_ Die Zukunft hat bereits begonnen: Fuhrparkverantwortliche haben Zugriff auf eine Vielzahl von Daten. Diese erhalten sie von der Flottenmanagement-Software durch Bearbeitung von Belegen, aber natürlich auch durch neue Technologien in den Fahrzeugen selbst - Telematik ist das Stichwort. Wichtig dabei ist der rechtssichere und transparente Umgang mit allen Daten. Auch vor dem Hintergrund der Europäischen Datenschutz-Grundverordnung (EU-DSGVO), die im Mai in Kraft tritt.
Auto als Kommunikationsmittelpunkt
"Informations- und Kommunikationssysteme im Fahrzeug und die Vernetzung der Verkehrsträger mit dem Straßenverkehr und der Infrastruktur sind ein Schlüsselthema für die Automobilindustrie. Das Fahrzeug wird zum Kommunikationsmittelpunkt." So formuliert es der Verband der Automobilindustrie (VdA) unter der Überschrift "Vernetzte Mobilität".

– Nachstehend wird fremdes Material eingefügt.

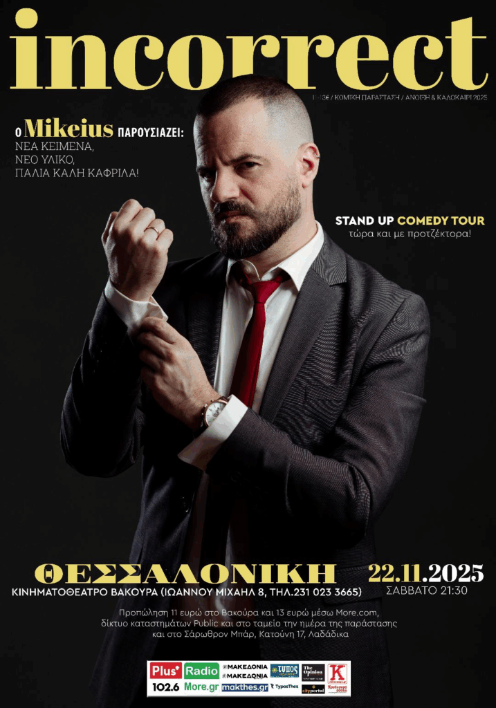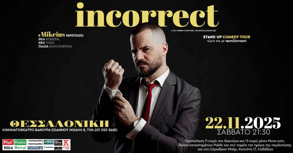 Από: Art On The Road Τρί 18 Νοε στις 4:58 μ.μ. O Mikeius φέρνει την κωμικη παράσταση “Incorrect” στο Cine Βακούρα! Stand Up Comedy ShowMikeius “Incorrect”Νέα κωμική παράσταση, νέα κείμενα, ίδιο πάθος κατά της κορεκτίλας αυτή την φορά στην Θεσσαλονίκη!Πότε; Σάββατο 22 ΝοεμβρίουΠου; Κινηματοθέατρο Βακούρα(Ιωάννου Μιχαήλ 8, τηλ.2310 233665)Ώρα έναρξης: 21.30Εισιτήρια προπωλούνται 11 ευρώ στο ταμείο του Βακούρα και στο Σάρωθρον Café (Κατούνη 17, Λαδάδικα) και 13 ευρώ μέσω του More.com, του δικτύου καταστημάτων Public και στο ταμείο την ημέρα της παράστασης. Τα έχουμε ξαναπεί για τον Mikeius, για την συνεισφορά του στην Youtube κοινότητα αλλά και πόσο αγαπάει…να τον μισεί κόσμος και κοσμάκης, ανά την επικράτεια, είτε παρακολουθεί τα «ΜΠΡΑΦ», είτε τον ακολουθεί σε κάποιο social media του. Όπως και να έχει η προηγούμενη παράσταση του με τίτλο “#CancelMikeius” ακολουθήθηκε από χιλιάδες κόσμο σε όλη την Ελλάδα και την Κύπρο, αγαπήθηκε και έγινε για άλλη μία φορά αφορμή, για να θυμηθούμε πως η σκληρή γλώσσα, καμιά φορά κρύβει τις μεγαλύτερες αλήθειες. Το σωτήριο έτος 2025 λοιπόν, ο master του Politically Incorrect, φέρνει νέα κείμενα, νέες σκέψεις και ιστορίες, έχοντας απέναντι έναν πλανήτη, που μέρα με τη μέρα βρίσκεται απέναντι στις ίδιες της επιλογές του περί πολιτικής ορθότητας. Με κοφτερό λόγο και την χρήση οπτικοακουστικών μέσων, ο Mikeius, βάζει το χιούμορ ως απαραίτητο αλατοπίπερο, απέναντι σε έννοιες, πολιτικές και φόρμες που έχουμε συνηθίσει να φοβόμαστε να ακουμπήσουμε, μήπως χαρακτηριστούμε αρνητικά. Τίποτα δεν ξεφεύγει από την κοφτερή ματιά του Mikeius, τίποτα δεν μένει ασχολίαστο και αν μη τι άλλο θα μας κάνει για άλλη μια φορά να επαναξιολογήσουμε τον όρο «Incorrect».Mikeius “Incorrect”

Sicher, Autos, die automatisch auf Ampelfarben reagieren, Geschwindigkeiten und Abstände punktgenau von sich aus einhalten, nicht versehentlich auf die falsche Spur geraten und dynamisch die Parkplatzsuche steuern, sind zum größten Teil noch Zukunftsmusik. Aber das heißt nicht, dass Fahrzeuge heutzutage nicht auch schon hoch vernetzt sind. Das beginnt bei GPS-gesteuerten Navigationssystemen und reicht bis zur vollständigen Internetkonnektivität des Fahrzeugs und aller Insassen.

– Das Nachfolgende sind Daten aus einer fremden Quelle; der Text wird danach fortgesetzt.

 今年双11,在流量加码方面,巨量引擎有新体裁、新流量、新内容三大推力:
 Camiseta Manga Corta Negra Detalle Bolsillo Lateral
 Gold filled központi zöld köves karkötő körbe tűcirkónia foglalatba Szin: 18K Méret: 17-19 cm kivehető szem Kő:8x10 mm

Forciert wird dies durch die kontinuierliche Weiterentwicklung von Analyse- und Informationssystemen, die mit der Fuhrpark-Software verknüpft werden. Mithilfe dieser Telematikdaten kann die Fahrweise der Flottennutzer anonym ausgewertet werden.
Schutz von bestimmbaren Daten
Da sich aus den konkreten GPS-Daten auf den jeweiligen Arbeitnehmer rückschließen ließe, handelt es sich allerdings um bestimmbare Daten, weshalb besonderer Datenschutz greift. Das rechtliche Problem besteht darin, dass durch das entsprechende Tracking des Fahrzeugs auch ein lückenloses Bewegungsprofil des sich darin befindlichen Arbeitnehmers erstellt werden könnte.
Eine solche vollständige Überwachung von Arbeitnehmern ist nicht erlaubt und verstößt gegen Persönlichkeitsrechte. Dies gilt selbst dann, wenn der betreffende Arbeitnehmer seine Einwilligung erteilt hat. Gerichte haben ein solches Tracking bisher nur in Ausnahmefällen erlaubt, falls es für die Verrichtung der konkreten Tätigkeit beziehungsweise zur Sicherheit der Arbeitnehmer unerlässlich war.
Die Daten könnten zeigen, wie risikoreich oder -arm die Fahrer unterwegs sind. Zudem lassen sich Systeme nutzen, die die Sicherheit erhöhen oder bei einem Unfall Fahrer und Fahrzeug lokalisieren und diese Daten an die Rettungsstelle weitergeben. Dies ist vermehrt auch Bestandteil von Kfz-Versicherungspolicen, um die Prämien zu reduzieren - Telematik-Tarife sind allerdings in Deutschland noch in den Anfängen.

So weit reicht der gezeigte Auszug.